Antifragile: things that gain from disorder … Why today’s crisis will stretch us to be more creative, to find strength in adversity, and start to build a better future

April 19, 2020

We are living through a time of extraordinary change. And the rate of change is increasing month by month.

That change is unpredictable but it is also somehow connected. Global shock, economic disruption, social pressure, environmental context. It is manifesting itself not just in one area but in our politics, in our technology, in our communities and in our economies, and in our levels of social engagement, activism, and social cohesion (or lack of it).

If we want to survive in this time, if we want to thrive in this time and build something better, we can’t simply extend the old business as usual. We need a new approach to leading ourselves and other people through times of change that is different from how we used to lead ourselves when times were stable.

Nassim Nicholas Taleb’s book “Antifragile: Things that gain from disorder”gives a hint of what that might look like.

In summary, Taleb says that:

  • Fragile items break under stress, antifragile items get better from it.
  • In order for a system to be antifragile, most of its parts must be fragile.
  • Antifragile systems work, because they build extra capacity when put under stress.uncertainty and relentless change

Lesson 1: Fragile items break under stress, antifragile items get better from it.

We all know the label on boxes with glass inside them that reads “Fragile – handle with care”, and we’ve all seen more than one scene in a movie where someone throws a package like that, resulting in a glass shattering noise.

You know that fragile things break when you shock them and toss them around – volatility does them no good. But when you think about it, there isn’t really a word that describes things, which are the opposite, is there?

We might talk about something being robust or durable, but that really just means it can resist shocks and stress better than fragile items – but it doesn’t benefit from them. You’d still label the boxes you ship robust things in with “Handle with care”, not with “Please handle roughly”.

Nassim Taleb took care of this dilemma by giving us a word for what we’re looking for: antifragile. It describes things that benefit from shock and thrive in volatile environments, because as they’re stressed and put under pressure, they get better, not worse.

Can you think of an example? Here’s one: When Hercules fights the Hydra, every time he slices off one of her heads, two grow back. So for every time the beast is hurt, it actually gets stronger. That’s an example of being antifragile.

Lesson 2: An antifragile system usually consists of many fragile parts.

There are quite a few more good examples of antifragile systems, one being the evolutionary process.

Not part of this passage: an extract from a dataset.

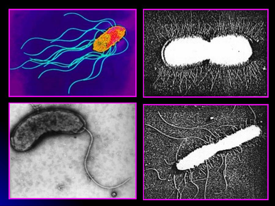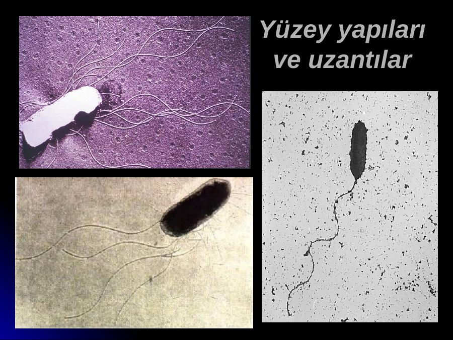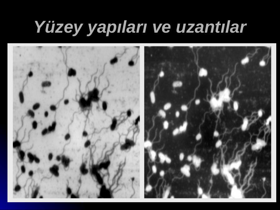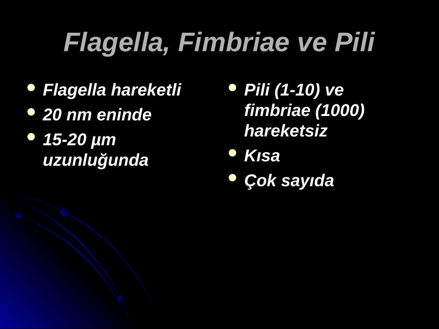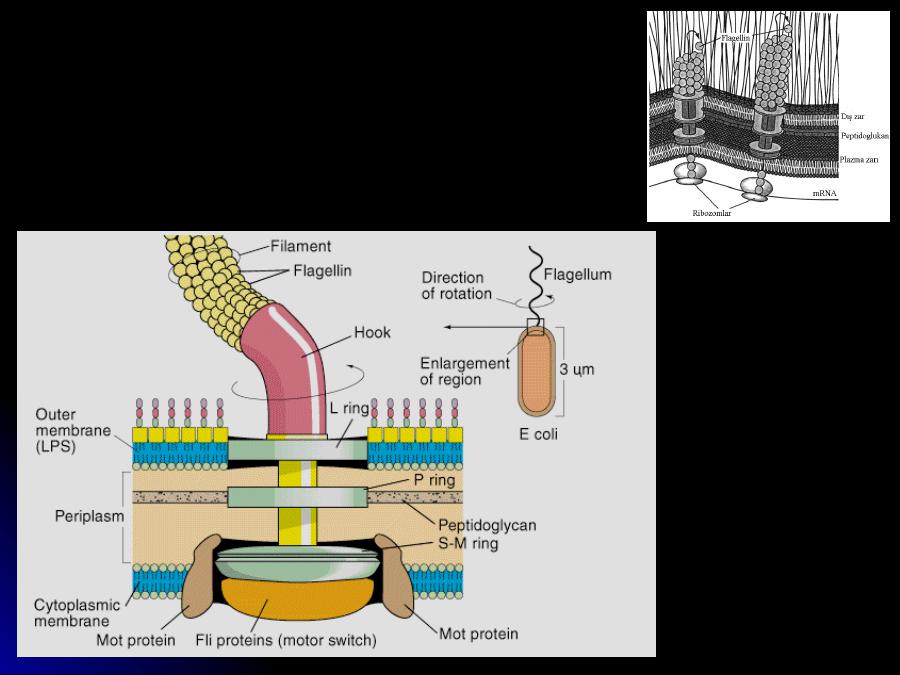 Flagella, Fimbriae ve Pili Flagella hareketli 20 nm eninde 15-20 µm uzunluğunda Pili (1-10) ve fimbriae (1000) hareketsiz Kısa Çok sayıda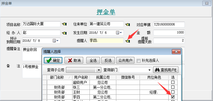 1.建立押金單、押金提醒(導(dǎo)入附件)->審核確認(rèn)(支持多級審核)

Evolution itself is incredibly antifragile – we’ve evolved from our ancestors based on the genetic features and traits which helped us survive the most and succeed. However, that also meant many humans before us had to die.

Any individual specimen of a species is usually fragile – every human being or animal can die and quite easily so. But, because the system can use life and death as indicators of success and failure, the evolution of species in itself is antifragile. For example, our hands weren’t always built to handle tools so well. Through evolution it became apparent that the more advanced our hands got, the longer we could survive, so eventually our genetic code morphed to include the incredibly refined hands we all have today.

So for an antifragile system to work, its individual parts must be fragile, because the success and failure of these parts serves as important feedback for the system as a whole and allows it to get better in chaotic circumstances.

Lesson 3: Antifragile systems work, because they build extra capacity when put under stress.

How exactly does that happen? Why does antifragility work?

Actually you do experience it quite often, if you exercise regularly, that is. When you go to the gym and lift really heavy weights, and when you feel the burn, you push on and do just one more rep – that’s when growth happens.The fragile parts, the tissue in your muscles, is broken down – the failure is reported to the system.

In order to ensure future success, your body now overcompensates for this shock, by building extra capacity to handle even bigger shocks better. Over night, as you sleep and recover, your muscles are rebuilt and they’re now a bit stronger than before. Usually, the human body is incredibly efficient, and doesn’t want any excess capacity “lying around”. But in the case of being antifragile, your body builds redundancy in order to prepare for future extreme situations and emergencies.

That’s how stress can prepare your body for even bigger stress and it’s building this extra capacity that lies at the core of why being antifragile is so helpful to thrive in critical situations.